Layer 3 is the layer responsible for routing packets to a destination. It also provides Quality of Service.

The Internet Protocol (IP) is the best known Layer 3 protocol, which is connection less and does not provide any flow control or error check on the packet, as it can be done by upper layers. IPv4 is the commonly used version.

Other Layer 3 protocols include: Internet Control Message Protocol (ICMP), IP Secure Encrypted Communications (IPSec).

# IP Addressing

The IP Addressing implements a logical addressing scheme at Layer 3.

A network designer uses IP addresses to partition the whole network in smaller subnets to improve performance and security and make troubleshooting easier.

# IP Header Structure

In picture 5.2.1, the IP header structure is presented.

First row:

• Version: IPv4 or IPv6
• Hdr Length: length of the whole IP header, without counting the data portion
• Type of Service: here it is possible to set what kind of traffic the packet carries and use it for some router settings to improve the service (for example in VoIP communications)

Second row: needed to keep track of fragments. if a packet is too big in the link, it has to be split up into smaller packets. The default packet size on Ethernet Links is 1500 bytes MTU.

Third row:

• TTL: every time a packet goes through a router, this field is decremented by 1. When it gets to 0, the packet is dropped to avoid loops.
• Protocol: Layer 4 information type (TCP or UDP is used)

# Type of Traffic

There are three main types of traffic sent from a host: Unicast (to a single destination host), Broadcast (to all the hosts on the same subnet) and Multicast (to multiple interested hosts).

# Unicast Traffic

Unicast traffic comes from a sender and goes to one particular host.

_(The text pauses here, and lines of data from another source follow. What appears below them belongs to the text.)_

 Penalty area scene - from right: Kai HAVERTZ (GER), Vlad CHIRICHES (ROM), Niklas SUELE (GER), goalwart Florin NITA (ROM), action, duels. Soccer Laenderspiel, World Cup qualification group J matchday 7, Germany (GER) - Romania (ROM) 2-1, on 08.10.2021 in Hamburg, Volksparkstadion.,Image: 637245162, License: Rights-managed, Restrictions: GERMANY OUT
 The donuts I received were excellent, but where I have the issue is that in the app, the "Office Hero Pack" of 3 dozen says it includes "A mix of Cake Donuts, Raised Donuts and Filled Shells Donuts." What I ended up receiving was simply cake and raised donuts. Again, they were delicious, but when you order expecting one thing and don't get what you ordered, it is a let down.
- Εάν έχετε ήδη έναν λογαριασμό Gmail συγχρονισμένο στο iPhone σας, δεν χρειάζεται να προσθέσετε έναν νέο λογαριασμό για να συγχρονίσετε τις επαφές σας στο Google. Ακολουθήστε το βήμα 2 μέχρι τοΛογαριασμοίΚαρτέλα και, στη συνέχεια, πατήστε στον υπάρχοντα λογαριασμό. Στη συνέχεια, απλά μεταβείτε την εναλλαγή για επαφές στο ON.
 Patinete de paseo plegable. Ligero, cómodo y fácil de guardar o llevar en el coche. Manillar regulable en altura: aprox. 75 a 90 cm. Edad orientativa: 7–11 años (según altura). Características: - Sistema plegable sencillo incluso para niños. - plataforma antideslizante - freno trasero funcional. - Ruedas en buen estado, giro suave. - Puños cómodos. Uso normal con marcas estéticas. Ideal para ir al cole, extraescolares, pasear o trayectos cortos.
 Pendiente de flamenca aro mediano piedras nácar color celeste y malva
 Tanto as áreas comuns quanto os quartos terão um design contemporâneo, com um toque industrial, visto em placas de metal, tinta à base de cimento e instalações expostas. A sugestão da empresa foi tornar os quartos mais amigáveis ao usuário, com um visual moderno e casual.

For multiple hosts, the sender streams out some traffic in multiple copies to all the receivers. This means that if three hosts require 1mb of packets each, the sender has to send out a total of 3mb packets to the same link.

# Broadcast Traffic

With broadcast traffic the sender streams out one copy of the packet to the subnet switch, which floods the packet out to all the hosts connected to it. Routers drop this kind of traffic.

# Multicast Traffic

With multicast traffic the sender streams a copy of the packet to the subnet switch, which then sends the traffic out to all the receivers that need that packet.

It avoids the traffic of multiple copies of the same packet on the same link (unlike the broadcast traffic) making it less heavy.

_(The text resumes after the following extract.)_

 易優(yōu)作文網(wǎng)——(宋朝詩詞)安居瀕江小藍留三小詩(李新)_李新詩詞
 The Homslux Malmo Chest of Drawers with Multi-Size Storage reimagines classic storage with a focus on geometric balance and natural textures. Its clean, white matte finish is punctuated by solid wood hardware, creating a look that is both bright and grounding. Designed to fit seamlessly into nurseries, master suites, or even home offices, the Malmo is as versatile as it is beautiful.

Unlike the broadcast traffic type, the multiple receivers are targeted.

# IPv4 Addresses

An IPv4 address is a 32 bit long address written in four octets in dotted decimal format (for example: 192.168.10.15). Each octet is 8 bit long.

To find out the IP address:

• WINDOWS:

$ ipconfig

• LINUX:

$ ifconfig
$ ip route #for more info

• IOS CISCO:

# show ip interface brief
# show interface (for more info)

The IP address is usually set manually on servers, printers and network devices (like routers and switches). It is usually assigned automatically through the Dynamic Host Configuration Protocol (DHCP) to other hosts like desktop computers.

# IPv4 Address in Binary

The logical separation between different subnets is done by looking at the binary version of the IP address.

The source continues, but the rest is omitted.